In the print and promotional products world, some design mistakes stick out like sore thumbs, while others require inspections that would make ophthalmologists proud of the folks who had discovered them. Thanks to the U.S. Postal Service (USPS), it seems we have an example of the latter, as an observation by Harry Lehman, a retired government aerospace engineer, led the agency to remove a T-shirt that he contends features a Soviet airplane.

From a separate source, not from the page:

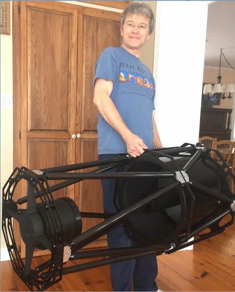 March 2019, I acquired a 16" Ritchey-Chretien (RC) by GSO (Taiwan, makers of TPO & Astro-tech). HighPoint Scientific of New Jersey had a sale I couldn't ignore and so I advanced my plans by two years. It arrived extremely out of colimation, and since I didn't have a functional mount, it will take some time before I collimate and test. I will greatly improve the design of both from the lessons learned over two decades. Do I look happy?

Any Cold War aviation buff would have noticed it: The U.S. Postal Service has been selling a commemorative U.S. air mail T-shirt emblazoned with a Russian airplane. USPS says that's not a Soviet-era airliner, but take a look for yourself:https://t.co/bcd4BEQQL1
— John Kelly (@JohnKelly) August 15, 2019
Right now, the mere mention of Russia makes many people uneasy. Perhaps that is why the USPS, based on Lehman’s input, pulled the T-shirt from its website. Why else would it alter its apparel offerings? In his article on the matter, John Kelly notes how Lehman, upon receiving the gray T-shirt through the USPS online store, also noticed that it bore the text “United States Post Service”—rather than “Postal Service”—underneath the plane.

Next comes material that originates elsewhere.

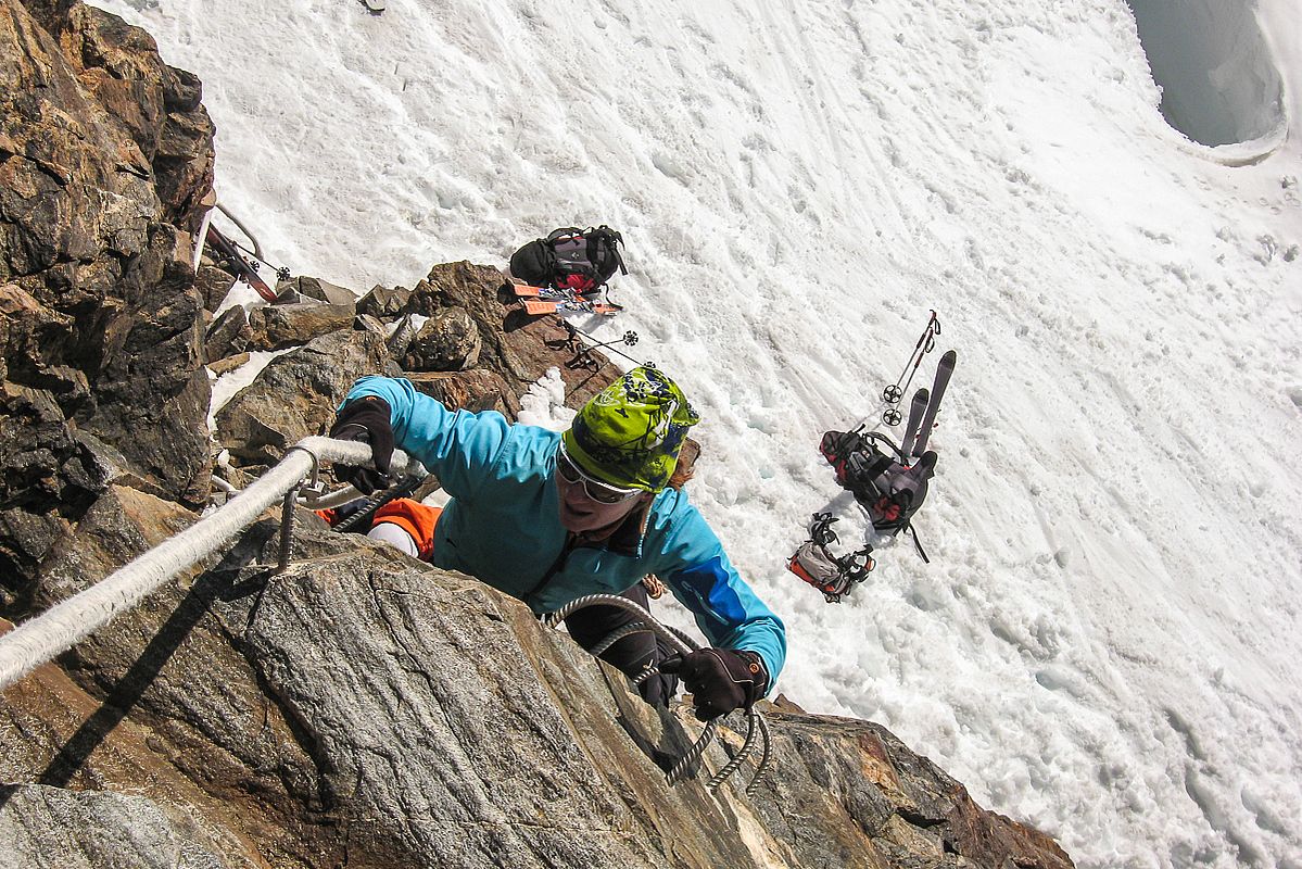 Wer unbedingt die Punta Giordani "mitnehmen" möchte, der kann seine Ski hier lassen und über den Verbindungsgrat nach Osten hinabklettern (Stellen II) und die wenigen Meter zu diesem Gipfelchen aufsteigen. Ansonsten fährt man gleich wieder die Nordflanke ab bis in den nördlich davon gelegenen Sattel, wo erneut die Felle aufgezogen werden. Ein kurzer Hang bringt uns zu dem Fuß der Felsinsel des Balmenhorn mit seiner Biwakschachtel und der riesigen Jesus-Figur. Über einen kurzen Klettersteig steigen wir die 30 Meter hinauf zum Gipfel.

That gaffe alone would probably have merited pulling the tee, but the aircraft controversy is what really cemented our interest. Lehman, who worked in aviation for 33 years, is pretty confident that the T-shirt shows a Soviet Tu-114, a renowned airliner from the late 1950s until 1976 and the civilian counterpart to the Tu-95, a bomber. That would mean, according to the Washington Post, that the USPS felt it OK to sell “a shirt emblazoned with a plane of our Cold War foe.” Wondering whether anyone vetted the design, the author relays that the USPS offered to refund Lehman’s money and take the shirt back, but the buyer rejected the outreach.

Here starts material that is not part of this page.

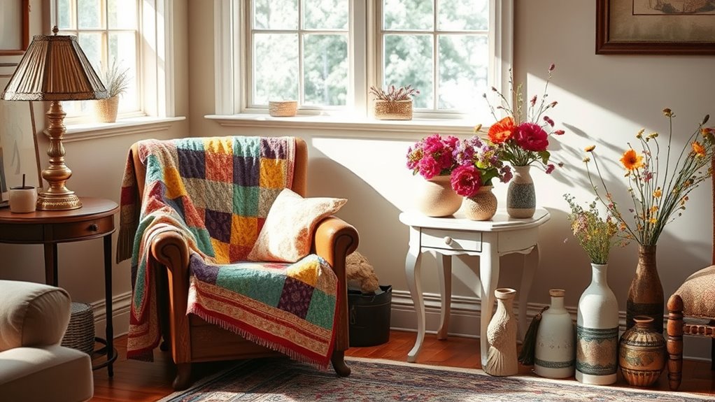When mixing thrifted pieces, focus on blending styles thoughtfully by balancing vintage charm with modern touches. Use color coordination to create harmony; pick a neutral base and add pops of color through accessories or accent pieces. Don’t be afraid to experiment with different textures and patterns, but keep a cohesive palette. This approach helps your eclectic finds look intentional and stylish, making your space uniquely yours.

Kelly also received an email from a USPS rep, which read:
The T-shirt image was selected by a private third party vendor, not the U.S. Postal Service, using stock imagery and was not meant to be reflective of any specific aircraft model. The plane in the design is an interpretation of a commercial airliner. It could be the vendor was looking to use a variation of [a] stock image of a Douglas DC-4 Skymaster which actually carried U.S. Mail and was depicted on a 1946 U.S. Air Mail stamp. The Tupolev Tu-114 has nothing to do with the U.S. Postal Service. The wing shape and angle are different when comparing the two planes.
This seems like a lot of consternation over a generic stock-art airplane. Although, like we said, the shirt also had a pretty glaring typo. In any case, it didn’t stop Kelly from ordering two of the shirts for himself as keepsakes before they were removed from the USPS site. Lehman won’t be returning his shirt, either.
“I told them no way. I’m keeping this shirt,” he told the Washington Post. “It’s far from a low-end T-shirt, in terms of how it’s put together. But the artwork’s just bad.”